Researchers join to launch groundbreaking clinical trial for MS treatment

Researchers at Case Western Reserve University, Cleveland Clinic and University Hospitals Seidman Cancer Center have come together to launch a new clinical trial of an experimental treatment for multiple sclerosis (MS). The groundbreaking study will test the feasibility and safety of using the body’s own stem cells to treat MS.

The clinical trial builds off years of work done by Arnold Caplan, professor of biology, and Robert Miller, a professor of neurology and associate dean for research at the School of Medicine.

In patients with MS, the immune system abnormally attacks the central nervous system, causing damage to the nerve cells and their protective myelin sheath. The body has mechanisms that attempt to repair this damage; however, in MS, the repair cannot keep pace with the ongoing damage.

The Phase 1 trial involves harvesting a patient’s mesenchymal stem cells (MSCs), which are primitive cells in the bone marrow, culturing them in a laboratory, and then injecting the MSCs intravenously back into the patient to see if the procedure is safe, decreases disease activity and leads to improved repair.

The research team is headed up by Jeffrey Cohen of the Cleveland Clinic’s Mellen Center for Multiple Sclerosis Treatment and Research, and is funded by a $2.75 million, four-year grant from the United States Department of Defense and a $1 million grant from the National Institutes of Health. Cohen is director of the Mellen Center’s Experimental Therapeutics Program and professor of medicine (neurology) in the Cleveland Clinic Lerner College of Medicine of the Case Western Reserve University School of Medicine.

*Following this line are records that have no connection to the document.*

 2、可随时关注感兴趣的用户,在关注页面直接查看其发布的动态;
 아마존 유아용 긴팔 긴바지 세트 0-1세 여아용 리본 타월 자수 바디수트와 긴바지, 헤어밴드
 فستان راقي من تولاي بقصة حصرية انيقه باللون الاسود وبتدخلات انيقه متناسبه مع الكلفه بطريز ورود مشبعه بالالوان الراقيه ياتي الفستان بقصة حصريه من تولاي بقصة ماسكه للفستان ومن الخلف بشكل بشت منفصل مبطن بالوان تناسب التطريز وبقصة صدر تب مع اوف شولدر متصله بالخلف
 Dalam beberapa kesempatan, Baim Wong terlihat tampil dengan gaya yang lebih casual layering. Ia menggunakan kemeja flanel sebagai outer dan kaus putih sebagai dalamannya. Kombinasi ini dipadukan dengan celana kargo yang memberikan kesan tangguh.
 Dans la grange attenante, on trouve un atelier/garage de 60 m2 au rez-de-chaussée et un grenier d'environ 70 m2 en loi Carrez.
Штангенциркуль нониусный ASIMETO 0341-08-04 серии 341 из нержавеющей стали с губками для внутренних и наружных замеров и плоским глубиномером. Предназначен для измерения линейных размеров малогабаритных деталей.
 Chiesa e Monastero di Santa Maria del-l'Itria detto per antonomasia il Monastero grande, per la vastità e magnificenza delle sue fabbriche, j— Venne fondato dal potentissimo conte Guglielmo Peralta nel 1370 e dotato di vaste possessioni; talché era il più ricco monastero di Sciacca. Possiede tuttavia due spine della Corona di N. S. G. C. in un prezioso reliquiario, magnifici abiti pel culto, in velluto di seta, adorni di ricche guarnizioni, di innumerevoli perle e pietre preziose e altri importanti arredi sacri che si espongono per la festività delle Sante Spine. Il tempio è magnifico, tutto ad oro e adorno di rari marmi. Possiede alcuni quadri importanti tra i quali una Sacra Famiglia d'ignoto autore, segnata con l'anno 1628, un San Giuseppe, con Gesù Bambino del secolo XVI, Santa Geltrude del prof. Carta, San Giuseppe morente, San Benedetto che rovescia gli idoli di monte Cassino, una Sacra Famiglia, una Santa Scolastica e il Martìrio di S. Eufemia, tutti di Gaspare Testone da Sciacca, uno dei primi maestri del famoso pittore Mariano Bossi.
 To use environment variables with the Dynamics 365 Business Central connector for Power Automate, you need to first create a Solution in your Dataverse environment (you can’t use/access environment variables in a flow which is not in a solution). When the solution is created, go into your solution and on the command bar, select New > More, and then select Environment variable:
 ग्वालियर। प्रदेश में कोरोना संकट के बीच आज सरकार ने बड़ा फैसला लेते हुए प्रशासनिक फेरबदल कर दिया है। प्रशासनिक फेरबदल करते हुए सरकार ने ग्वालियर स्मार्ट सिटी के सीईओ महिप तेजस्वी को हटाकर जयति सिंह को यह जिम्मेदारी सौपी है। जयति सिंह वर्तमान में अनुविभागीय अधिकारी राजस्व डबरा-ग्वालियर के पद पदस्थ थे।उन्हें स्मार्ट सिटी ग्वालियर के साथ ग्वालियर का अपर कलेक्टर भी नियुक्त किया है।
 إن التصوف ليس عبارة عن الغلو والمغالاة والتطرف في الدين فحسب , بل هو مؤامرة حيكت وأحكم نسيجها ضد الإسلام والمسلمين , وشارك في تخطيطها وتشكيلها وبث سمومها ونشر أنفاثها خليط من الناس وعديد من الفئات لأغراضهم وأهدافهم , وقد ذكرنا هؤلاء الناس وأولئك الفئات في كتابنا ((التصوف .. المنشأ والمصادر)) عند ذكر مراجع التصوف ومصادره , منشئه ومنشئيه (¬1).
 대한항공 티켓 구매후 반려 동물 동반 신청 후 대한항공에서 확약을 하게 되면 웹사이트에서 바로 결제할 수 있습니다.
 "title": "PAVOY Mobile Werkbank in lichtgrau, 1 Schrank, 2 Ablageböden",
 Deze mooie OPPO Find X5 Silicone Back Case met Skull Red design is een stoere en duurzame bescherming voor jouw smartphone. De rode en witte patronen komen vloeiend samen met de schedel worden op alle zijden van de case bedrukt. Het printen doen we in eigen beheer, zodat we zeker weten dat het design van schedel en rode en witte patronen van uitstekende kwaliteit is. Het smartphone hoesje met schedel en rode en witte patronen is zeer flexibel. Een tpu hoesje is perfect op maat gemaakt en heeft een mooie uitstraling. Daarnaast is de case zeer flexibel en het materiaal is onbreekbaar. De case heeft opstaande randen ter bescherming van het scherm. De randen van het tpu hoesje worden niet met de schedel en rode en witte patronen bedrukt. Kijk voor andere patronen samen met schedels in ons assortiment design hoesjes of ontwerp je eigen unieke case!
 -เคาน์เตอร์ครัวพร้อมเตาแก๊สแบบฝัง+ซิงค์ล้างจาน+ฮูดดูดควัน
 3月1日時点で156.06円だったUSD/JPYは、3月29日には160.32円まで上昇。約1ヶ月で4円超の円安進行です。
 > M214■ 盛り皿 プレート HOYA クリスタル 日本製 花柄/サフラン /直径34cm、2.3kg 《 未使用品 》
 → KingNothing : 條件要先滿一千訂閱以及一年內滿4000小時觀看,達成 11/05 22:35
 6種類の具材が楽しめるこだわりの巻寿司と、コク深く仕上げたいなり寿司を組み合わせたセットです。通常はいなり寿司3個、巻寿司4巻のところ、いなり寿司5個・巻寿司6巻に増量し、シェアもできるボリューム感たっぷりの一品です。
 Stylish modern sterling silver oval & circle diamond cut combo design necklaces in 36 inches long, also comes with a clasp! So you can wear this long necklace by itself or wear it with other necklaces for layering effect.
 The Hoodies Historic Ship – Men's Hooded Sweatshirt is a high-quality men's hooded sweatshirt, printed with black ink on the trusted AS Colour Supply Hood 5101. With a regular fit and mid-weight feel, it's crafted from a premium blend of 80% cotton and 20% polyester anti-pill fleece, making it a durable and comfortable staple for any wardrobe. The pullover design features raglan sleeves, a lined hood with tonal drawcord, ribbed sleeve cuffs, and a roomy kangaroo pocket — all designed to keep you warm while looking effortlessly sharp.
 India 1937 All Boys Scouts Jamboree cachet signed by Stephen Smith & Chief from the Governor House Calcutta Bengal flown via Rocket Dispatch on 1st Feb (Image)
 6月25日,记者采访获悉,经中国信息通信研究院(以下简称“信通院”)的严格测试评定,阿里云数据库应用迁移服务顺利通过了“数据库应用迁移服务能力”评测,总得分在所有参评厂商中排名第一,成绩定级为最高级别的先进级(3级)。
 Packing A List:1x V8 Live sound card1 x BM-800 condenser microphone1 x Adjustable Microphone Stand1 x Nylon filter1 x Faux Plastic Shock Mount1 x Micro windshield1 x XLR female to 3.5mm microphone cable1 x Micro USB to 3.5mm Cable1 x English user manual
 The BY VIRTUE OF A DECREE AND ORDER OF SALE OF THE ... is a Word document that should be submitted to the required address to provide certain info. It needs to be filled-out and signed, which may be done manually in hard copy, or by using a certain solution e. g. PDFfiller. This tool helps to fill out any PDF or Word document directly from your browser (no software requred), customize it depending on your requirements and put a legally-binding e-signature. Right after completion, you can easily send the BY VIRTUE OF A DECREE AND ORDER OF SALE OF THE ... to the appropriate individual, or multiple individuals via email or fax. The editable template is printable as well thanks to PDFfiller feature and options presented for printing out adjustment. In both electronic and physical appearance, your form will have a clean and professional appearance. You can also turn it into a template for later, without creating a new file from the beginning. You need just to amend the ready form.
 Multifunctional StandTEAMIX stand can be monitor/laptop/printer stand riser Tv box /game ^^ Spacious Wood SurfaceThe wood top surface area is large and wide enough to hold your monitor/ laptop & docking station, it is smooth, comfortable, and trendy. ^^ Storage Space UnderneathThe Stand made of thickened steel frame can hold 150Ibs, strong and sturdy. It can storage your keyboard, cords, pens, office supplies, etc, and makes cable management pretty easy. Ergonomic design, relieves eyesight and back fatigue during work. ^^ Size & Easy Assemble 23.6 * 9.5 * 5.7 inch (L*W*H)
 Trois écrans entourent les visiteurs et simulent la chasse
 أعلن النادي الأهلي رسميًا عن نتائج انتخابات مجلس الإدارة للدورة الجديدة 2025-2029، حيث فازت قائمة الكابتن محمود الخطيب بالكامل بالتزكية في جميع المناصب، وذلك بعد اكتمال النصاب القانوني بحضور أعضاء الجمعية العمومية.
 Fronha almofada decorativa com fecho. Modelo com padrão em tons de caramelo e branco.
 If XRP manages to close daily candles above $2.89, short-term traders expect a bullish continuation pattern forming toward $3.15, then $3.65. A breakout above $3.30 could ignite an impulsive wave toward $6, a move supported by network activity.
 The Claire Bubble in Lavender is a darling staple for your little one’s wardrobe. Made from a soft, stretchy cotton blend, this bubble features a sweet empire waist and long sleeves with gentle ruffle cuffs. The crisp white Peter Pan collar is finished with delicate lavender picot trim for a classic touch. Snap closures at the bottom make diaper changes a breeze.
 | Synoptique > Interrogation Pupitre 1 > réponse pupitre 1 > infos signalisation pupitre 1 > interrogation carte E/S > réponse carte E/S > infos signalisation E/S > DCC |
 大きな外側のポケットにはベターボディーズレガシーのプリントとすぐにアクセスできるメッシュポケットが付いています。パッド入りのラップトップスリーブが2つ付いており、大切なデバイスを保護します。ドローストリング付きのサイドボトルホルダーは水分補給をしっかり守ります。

Stanton Gerson, director of the UH Seidman Cancer Center and director of the National Center for Regenerative Medicine (NCRM), said, “This trial in MS is one of the most innovative trials of MSCs as it truly investigates both the clinical aspects as well as the science of what these cells do and how they may confer therapeutic benefit to recipients.”

Caplan and Miller, members of the clinical trial’s advisory committee, laid the groundwork for the current clinical trial. They discovered that in mice that have a form of MS, human MSCs promote healing of damage and protect against an autoimmune response.

Caplan had long studied mesenchymal stem cells, adult stem cells culled from bone marrow, as building blocks for engineered tissues and organs. Miller had spent his career studying neural development, with a focus on treatments for multiple sclerosis.

They met at a Research Showcase in 2003 and decided they should work together.

“We knew MSCs differentiate into bone and tendon and other connective tissues, but we were just beginning to understand they also provide healing instructions at the site of injury,” Caplan said.

Miller was looking for therapies for diseases that attack myelin, the protective coating that wraps nerves’ long axons.

In MS, the immune system attacks the myelin and the exposed nerves’ intricate wiring can be damaged. The result: nerve signals can be blocked, causing loss of balance and coordination, cognitive ability and other functions. Losses may become permanent.

“What the nerves need is repair and protection,” Miller said.

The researchers thought molecules MSCs make could be useful, but, “It was a shot in the dark,” Caplan said.

After some promising in vitro results, Caplan provided Miller with MSCs from human donors. Miller injected them into mice that had a version of MS.

“The mice got better, and quickly,” Miller said. And the animals didn’t reject the human cells or show negative effects.

The mice had fewer and smaller lesions on their myelin compared to control mice.

Miller and Caplan found evidence that the MSCs produced a barrier that blocked the autoimmune response and blocked formation of scar tissue, which would otherwise permanently halt signals. In addition, the cells produced molecules that enhanced regeneration of the damaged axon and rewrapping of the myelin around the axon.

Continued monitoring showed that one shot provided protection from the recurring disease for months.

The Phase 1 study, which will take two to three years to complete, will involve 24 patients with relapsing-remitting or progressive MS who have moderate to severe disability. If this trial demonstrates that MSC transplantation is safe, future studies will more definitively assess the efficacy of this therapy in MS. The study has already enrolled four patients, and the team expects to begin to report their initial findings over the next 1-2 years.